Bumped into an ‘agricultural anthropologist’, Jeff Bentley, who works in Cochabamba, Bolivia and was intrigued by his work promoting ‘plant clinics’, where farmers bring in examples of sick plants and get a diagnosis and prescription in a system modelled on human healthcare (they even have a two tier structure of General Practitioners as first point of contact and more expert consultants for the tricky diagnoses).
Plant clinics helps farmers avoid the futile costs of self medication, dosing fields with the wrong pesticides, and makes sure they use the right ones instead, or none at all, if that works best. Advocates argue that it’s also extremely cost effective, compared to, say extension services, where government officials visit farmers to give advice, suggest new techniques etc. Plant clinics are particularly well suited to those government agronomists (and I’ve met a few) who sit around in their office because they have no budget for transport. To open a plant clinic they just need to find an office near to the local market and wait for the farmers to come to them.
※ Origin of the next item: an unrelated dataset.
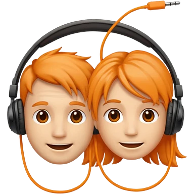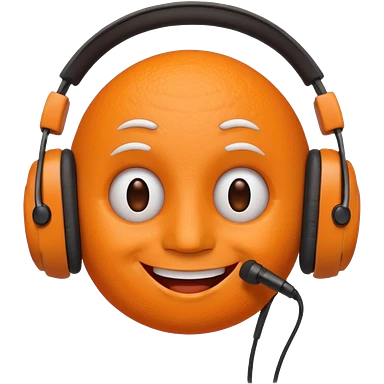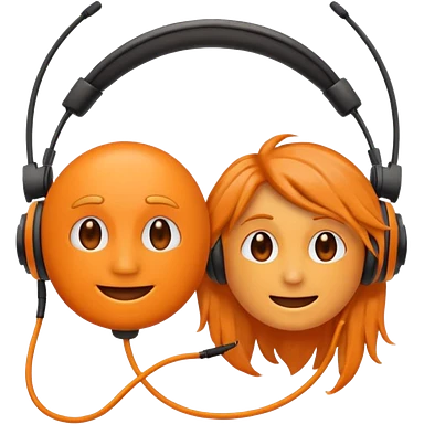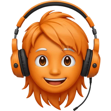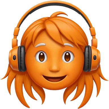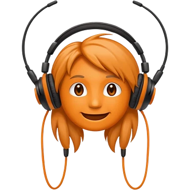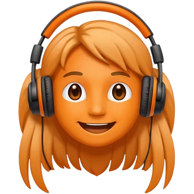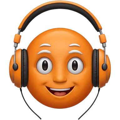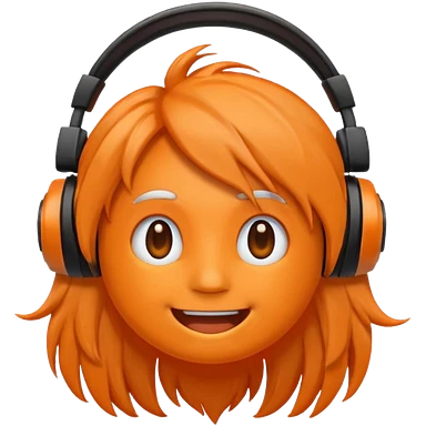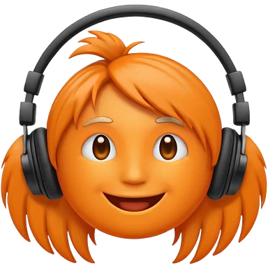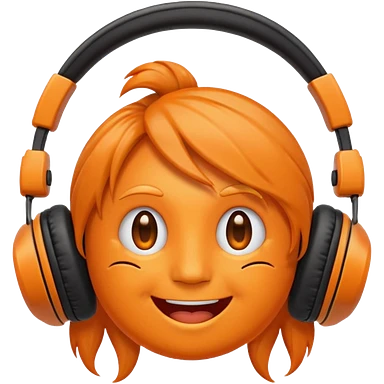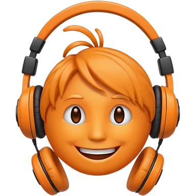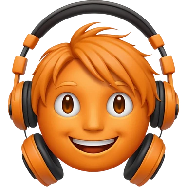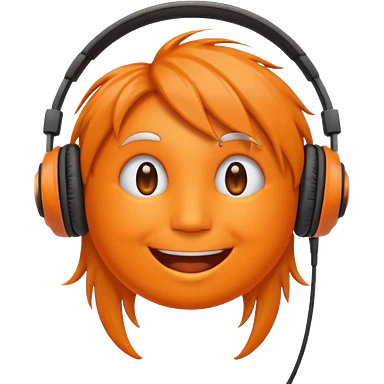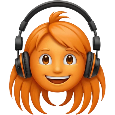 Orange happy face emoji with a couple of hair,headphones,and antennas. emoji | AI Emoji Generator

Jeff is affiliated with the Global Plant Clinic (CABI, Egham, Surrey, UK), which provides technical backstopping for the plant clinics, for example the clinic staff can email digital photos and descriptions of their problems to CABI for identification and recommendations. Jeff is also working with like-minded types to get greater outreach through local radio. He says that worldwide there are over 80 clinics operating through local organizations in Bolivia and Nicaragua, Bangladesh, Uganda, Pakistan, Nepal, India, 10 clinics in Viet Nam and a national system in Sierra Leone. The focus is fairly limited to plant health, but also includes advice on alternatives to pesticides (crop rotation, shade trees etc) and general crop health.
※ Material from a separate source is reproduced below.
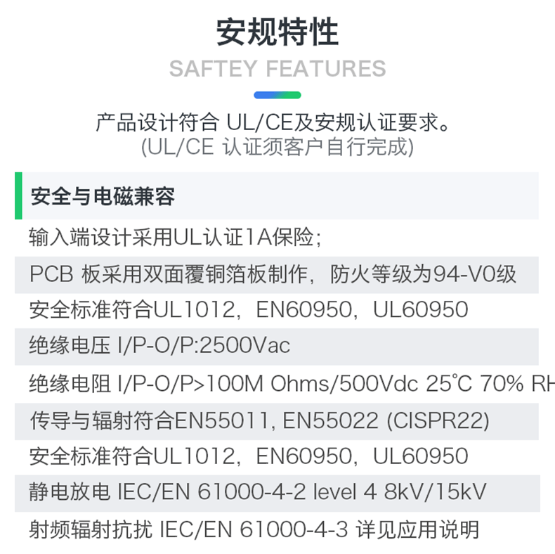 满足UL、CE 要求;产品设计满足EMC及安规测试要求
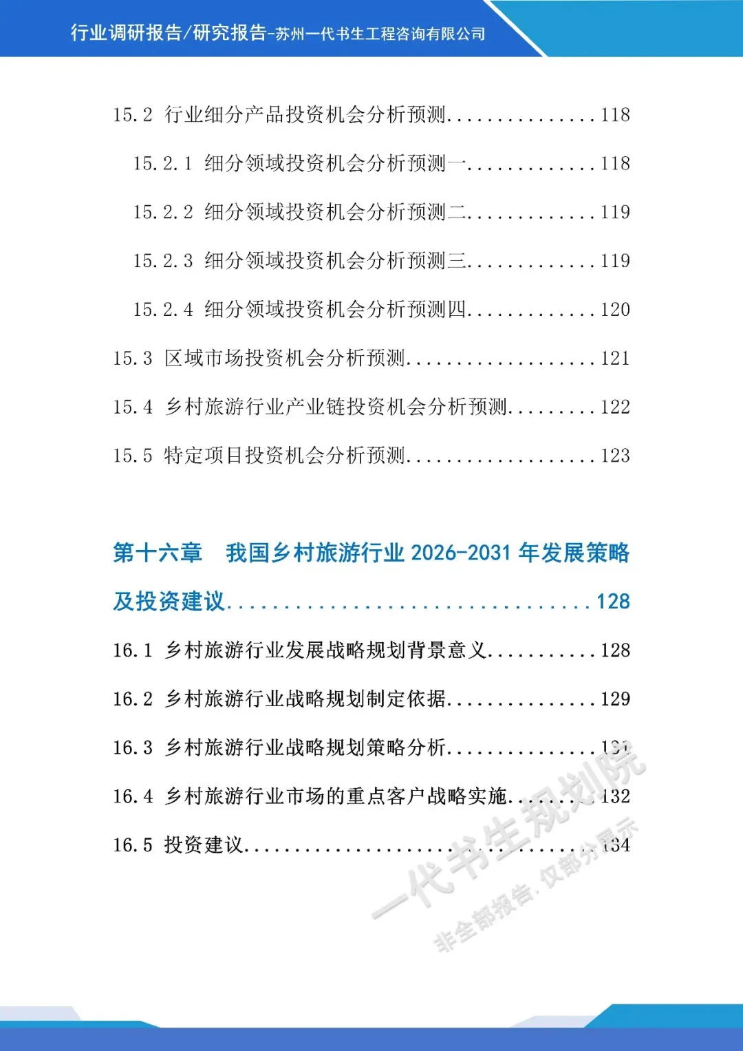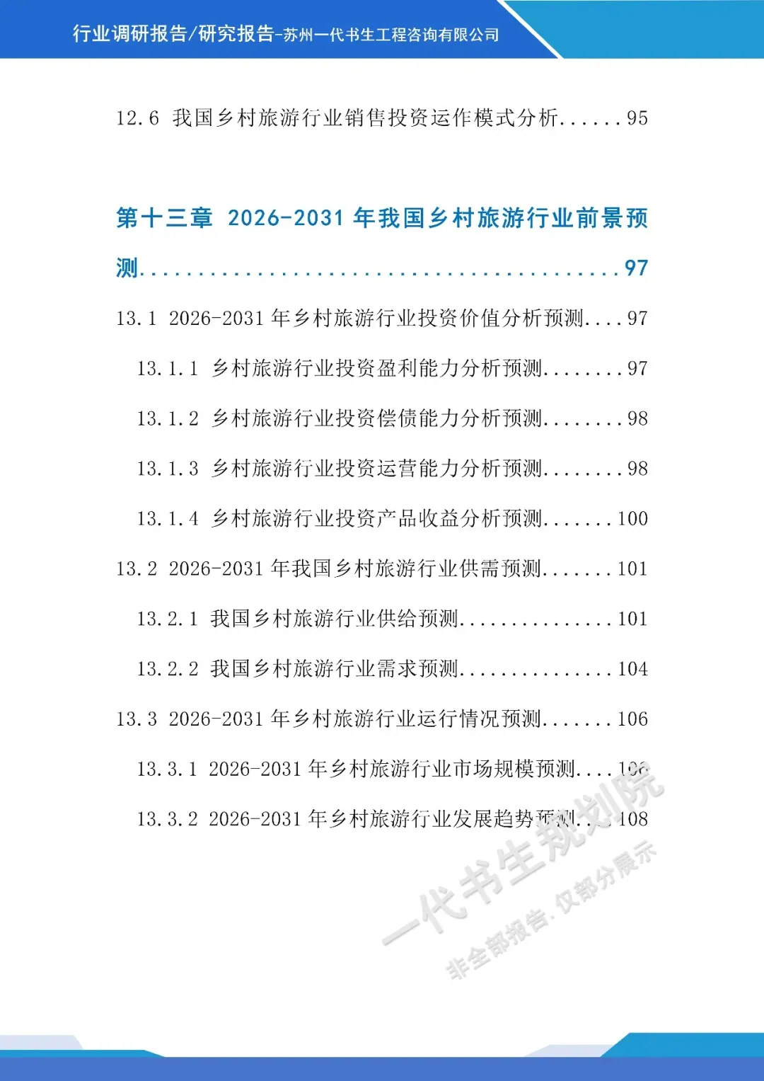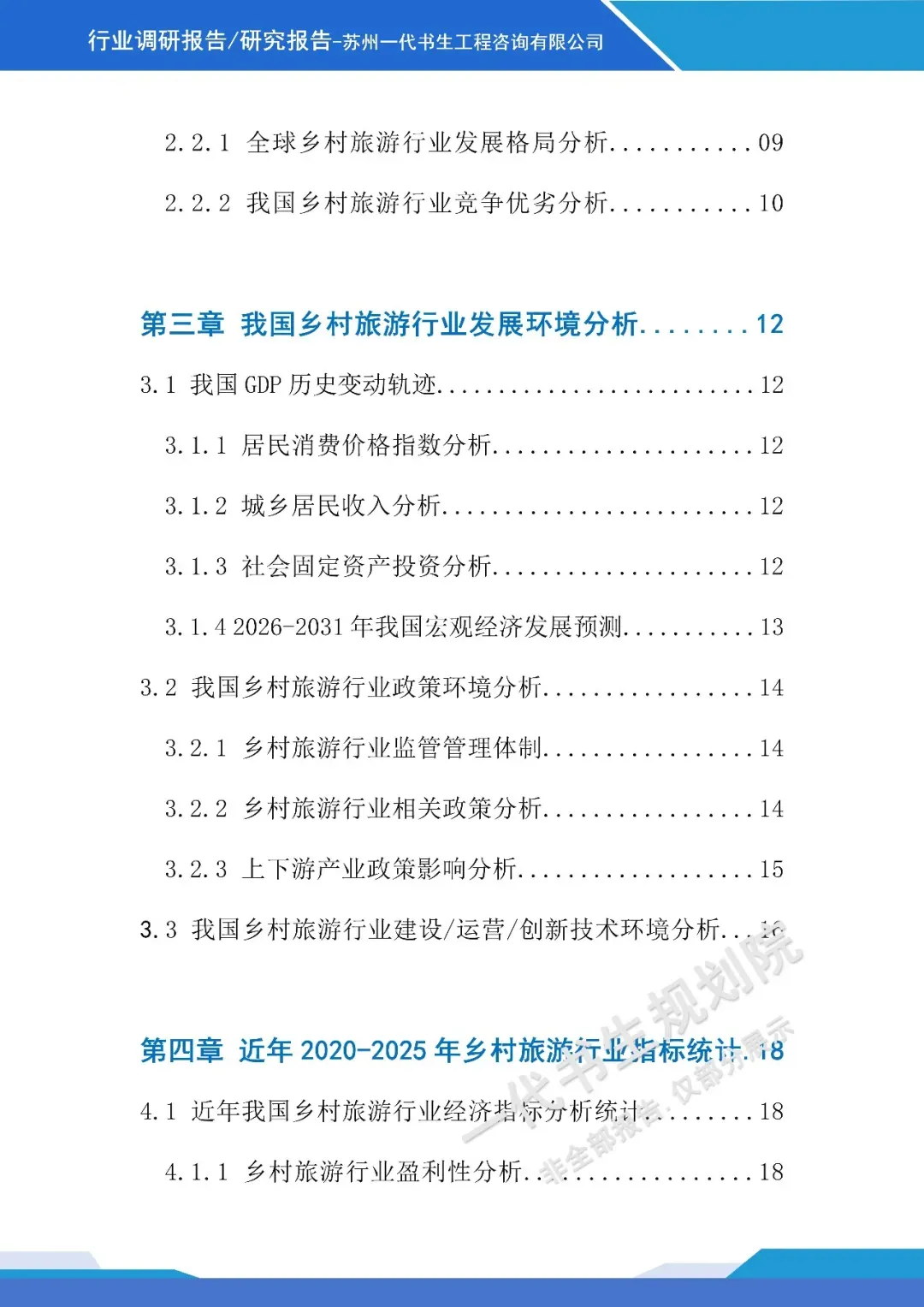 《2026年-2031年我国乡村旅游行业市场分析调研报告》【二】行业调研报告编制说明本报告由苏州一代书生工程咨询有限公司编制,聚焦2026-2031年我国乡村旅游行业发展周期,深度洞察行业发展脉络与未来走向。报告立足乡村振兴战略深化与城乡融合发展的宏观背景,精准把握消费模式改变下乡村旅游市场的需求变革,系统剖析行业发展的核心驱动因素与潜在挑战。调研内容涵盖乡村旅游产品业态创新、区域发展格局演变、文旅融合路径探索、智慧技术应用趋势等核心维度,同时兼顾政策环境解读、市场主体竞争态势及产业融合模式等关键议题。报告摒弃单一数据堆砌,通过多维度逻辑推演与趋势预判,梳理乡村旅游从观光型向深度体验型转型的核心逻辑。作为专业咨询成果,本报告为行业投资者、运营主体、政策制定部门提供兼具前瞻性与实操性的决策参考,助力精准把握行业发展机遇,推动乡村旅游行业实现高质量、可持续发展,为乡村振兴与共同富裕目标的实现提供产业支撑。项目可行性研究报告定制、行业市场调研报告购买,联系电话:17312436919。产业规划咨询、概念规划设计

I talked to Shahid Zia, an agronomist and agricultural economist at Oxfam, about the idea. He reckons it works if you stick to plant health, but can easily be overcomplicated by adding entomology, animal health, soil science etc. Organizations like CABI have got the research backup and find this kind of scheme particularly easy to run. Non-science outfits have to rely on partnerships with local universities or other institutions, which can often prove problematic.
Shahid compares plant clinics favourably to other more expensive forms of outreach, such as research stations attached to institutions, which are often selling new products (more like high tech hospitals rather than clinics). He says a lot of the outreach is of the ‘we have this fertiliser, this is how you use it’ kind. Farmer field schools are a more two way process that more closely matches farmers’ needs, and mainly promoting integrated pest management, but they are considerably more expensive to run than plant clinics.
Sometimes good development practice seems both obvious and easy – please tell me what the catch is!